But the overall situation for inmates has improved in the last three years
HMP Eastwood Park in South Gloucestershire(Image: Western Daily Press)
HMP Eastwood Park has the worst rate of violence against staff of any women’s prison in the country, a new report has found. Officials visited the prison in South Gloucestershire for a surprise inspection in June and July, with attacks on staff raised as one area of concern.
The report from His Majesty’s Inspectorate of Prisons (HMIP) also found the rate of self-harm among prisoners was “extremely high”, and that women with severe mental health issues were being kept in prison rather than being sent to secure hospitals.
Nonetheless, the report said conditions in the Wotton-under-Edge prison had improved since a previous inspection in 2022. In particular, inspectors said the situation in house block 4, which a previous official said was one of the worst units he’d ever seen, was considerably better than it had been three years ago.
“Levels of self-harm, violence and use of force were still some of the highest in the women’s estate,” the report said. “The rate of assaults against staff were the highest of all women’s prisons and often occurred during restraints when staff used force to prevent self-harm.
“However, there were now much better standards of care than we found at our 2022 inspection or at our recent thematic visit.” The report later noted that “the rate of assaults on staff was the highest in the female estate but around half took place during the use of force, often when the prisoner was experiencing a mental health crisis”.
It continued: “Leaders had taken some steps to reduce violence including a reasonable range of interventions…All violent incidents were investigated promptly but plans for perpetrators were not individualised and did not always include the interventions that were available. Support for victims was limited, but peer workers visited women after an incident to check on their welfare.”
The prison’s management was also praised for the success of a programme to support women in their early days in the prison. Prisoners withdrawing from drugs or alcohol at the time of their incarceration also received specialist round-the-clock medical supervision, and the overall support for women suffering from addiction problems in the prison was also highlighted as a positive.

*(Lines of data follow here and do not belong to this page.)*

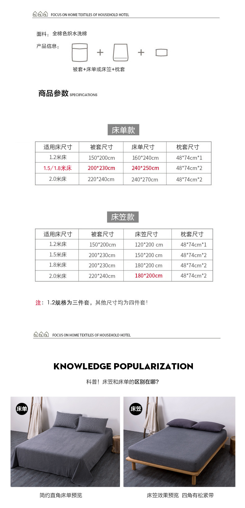 | [1.5 fitted sheet quilt cover 200*230 fitted sheet 150*200 pillowcase 48*74*2 | CN¥ 180.0 | 5000 set available |
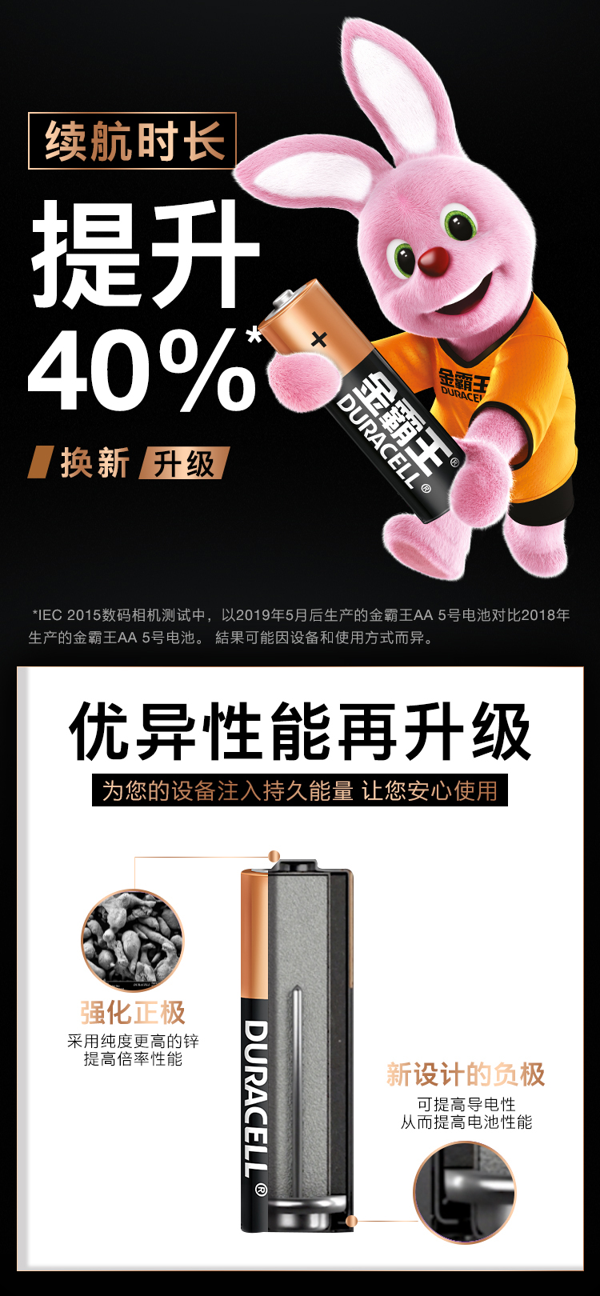 这款金霸王碱性电池,具有更紧密排列的能量颗粒,提供10倍持久电力;尼龙顶部密封设计,可以防止电池内部物质泄漏,稳定电压,不会漏液;不含汞、镉、铅等重金属,更环保,可以随意扔;适用于钟表、遥控器、无线键鼠、收音机、血压计、血糖仪、电动玩具等。
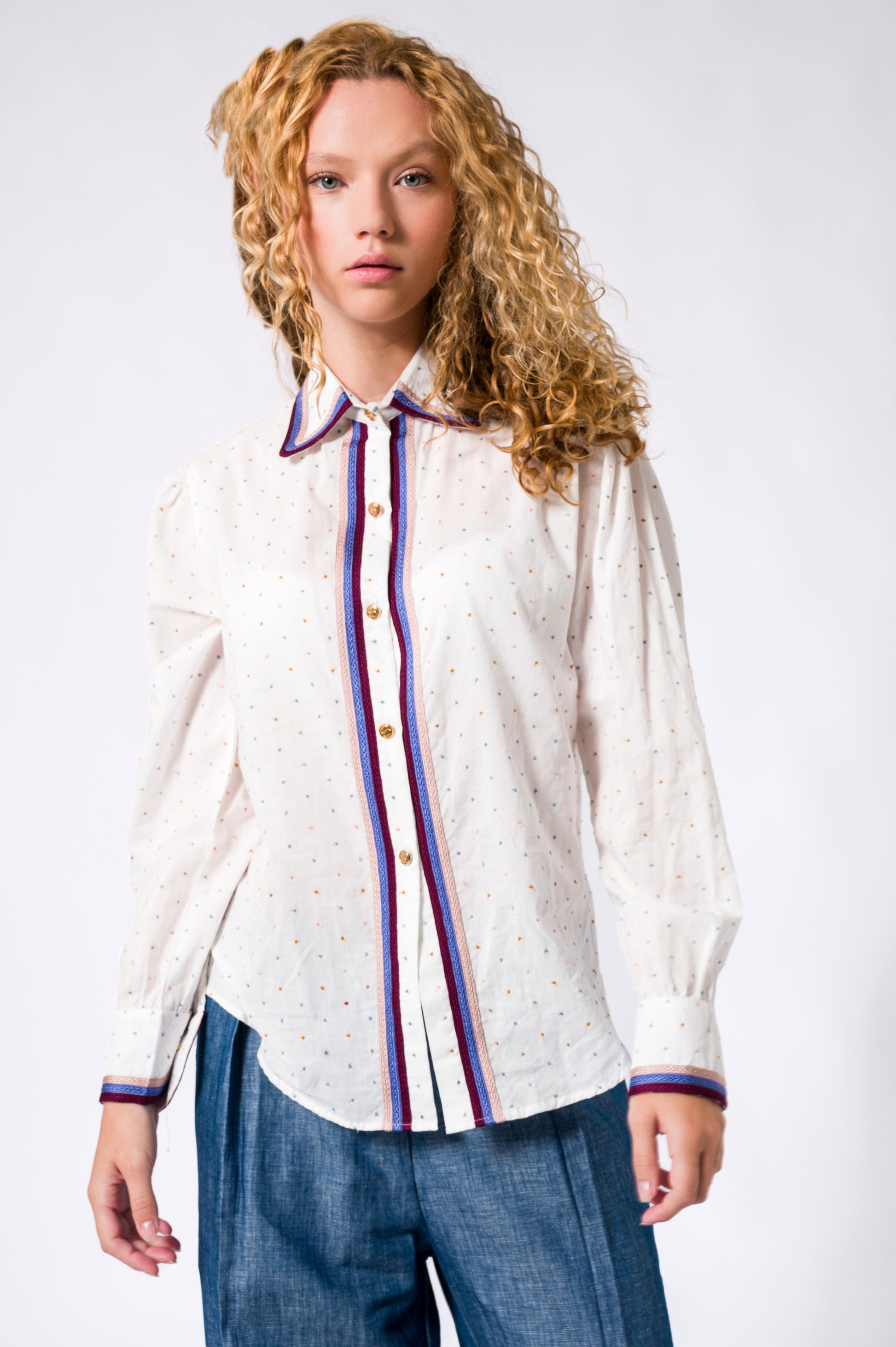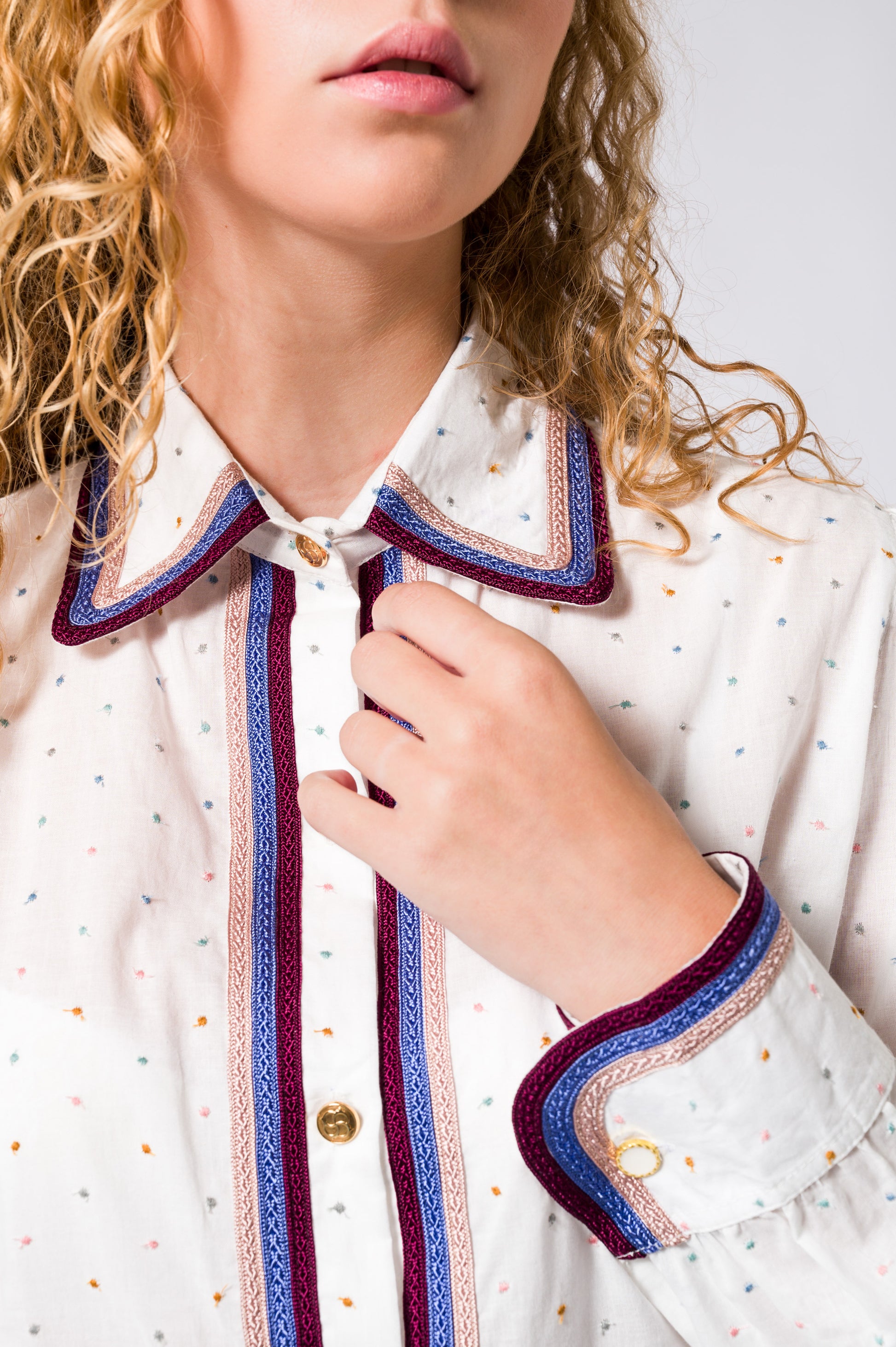 A unique and elegant shirt embellished with handweaved passementerie details:
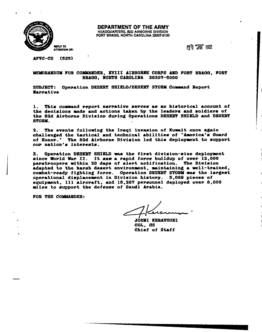 Document 96 f:/Week-22/BX001509/82D ABN DIVISION OPERATION DES RT SHEILD AND DESERT STORM COMMAND REPORT/command report narrative:04189716374810
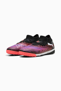 PRODUCT STORY A cleat that fits different, made for players who make a difference. Playmakers, unleash your creativity with the FUTURE 8 PRO. They feature a flexible LYCRA® upper, PWRTAPE for stability, and GripControl for superior ball handling. Play with or without laces and stay cool with Ortholite® O-Therm™ technology. FEATURES & BENEFITS - Upper made with at least 30% recycled materials - FIT #1: Highly elastic LYCRA® upper base material combined with a stretchy knitted collar for a flexible, secure, and supportive fit - FIT #2: PWRTAPE across the midfoot for the ultimate lockdown and stability - SKILL: Combination of raised mesh lines and GripControl technology for improved ball grip and control DETAILS - Style: 108366_01 - Color: PUMA Black-PUMA White-Glowing Red - Raised mesh lines and GripControl technology improve ball grip and control - PWRTAPE across the midfoot offers ultimate lockdown and stability - Highly elastic LYCRA® upper and stretchy knitted collar provide a flexible, secure fit - Low-profile multi-studded rubber outsole and ProFoam LITE midsole suitable for use on hard natural surfaces and artificial grass (2G) - Ortholite® O-Therm™ aerogel-infused insole blocks out the heat, keeping the foot cool and comfortable - Play with or without laces - Lightweight removable sockliner with NanoGrip technology - Regular to wide fit MATERIAL INFORMATION - Midsole: 100% Synthetic - Sockliner: 100% Textile - Outsole: 100% Rubber - Upper: 81.50% Synthetic, 18.50% Textile - Lining: 62.59% Textile, 37.41% Synthetic
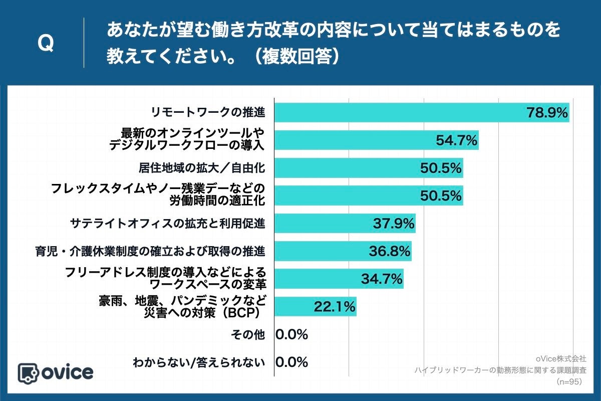 「とても望んでいる」「やや望んでいる」と回答した方に、「Q.あなたが望む働き方改革の内容について当てはまるものを教えてください。(複数回答)」(n=95)と質問したところ、「リモートワークの推進」が78.9%、「最新のオンラインツールやデジタルワークフローの導入」が54.7%、「居住地域の拡大/自由化」が50.5%という回答となりました。
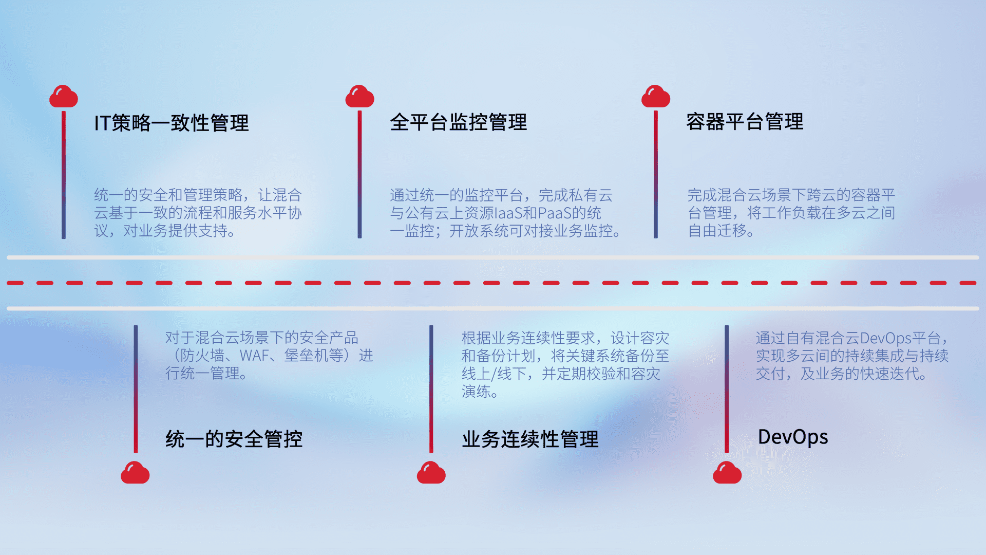 通过多云纳管,,以统一的资源数据模型把客户的云资源进行抽象和封装,,,,进而实现对多云资源的统一操作,,保障云资源管理的可靠性、、、稳定性与可用性。。。量身定制化运维内容,,配置、、、开发运维、、、、补丁管理、、、备份、、监控、、、、认证和访问管理、、审计和日常巡检等,,,保障在用云过程中的可靠度,,,,稳定度以及高可用率。。。

At the time of the inspection, Eastwood Park held 360 women from a wide catchment area across England and South Wales. Of the 1,493 women to have arrived at the prison during the 12 months prior to the inspection, about 800 had a history of self-harm, according to the report.
Inspectors identified 11 areas of concern, five of which it said were a priority – including the rate of self-harm. Other priority areas the report said the prison’s leadership needed to improve on were providing more activity spaces and resettlement support for women, and making sure prisoners were not kept locked in their cells for unduly long periods while segregated inmates were moved around the prison.
In a damning indictment on the availability of mental health services in the community, the report also found many severely mentally unwell women were sent to prison rather than to other facilities. Outside of the priority areas, some key concerns highlighted in the report included the fact there was too little done to promote positive behaviour in the prison, and a lack of support for disabled or older women.
Furthermore, healthcare for Welsh inmates was often delayed because of issues accessing their medical records. About a third of the prison’s inmates were from Wales at the time of the inspection.
MoJ ‘investing in specialist training’
A Ministry of Justice spokesperson said the issues of self-harm and violence at the prison were taken “extremely seriously”. “Self-harm and violence against staff are taken extremely seriously, which is why we are investing in specialist training, recruiting more psychologists, and strengthening support for women at risk at HMP Eastwood Park,” the spokesperson said.
The government launched a scheme known as the Women’s Justice Board in January this year. The advisory body, whose membership includes Criminal justice philanthropist Lady Edwina Grosvenor, former prison governor and Chief Executive of the Prison Reform Trust, Pia Sinha, and former Victims Commissioner Dame Vera Baird, meets four times a year with the goal of reducing the number of women who are sent to prison in the first place.
“The prison system this government inherited is not working for most women,” the MoJ spokesperson continued. “That’s why we established the Women’s Justice Board to advise on reducing the number of female prisoners.”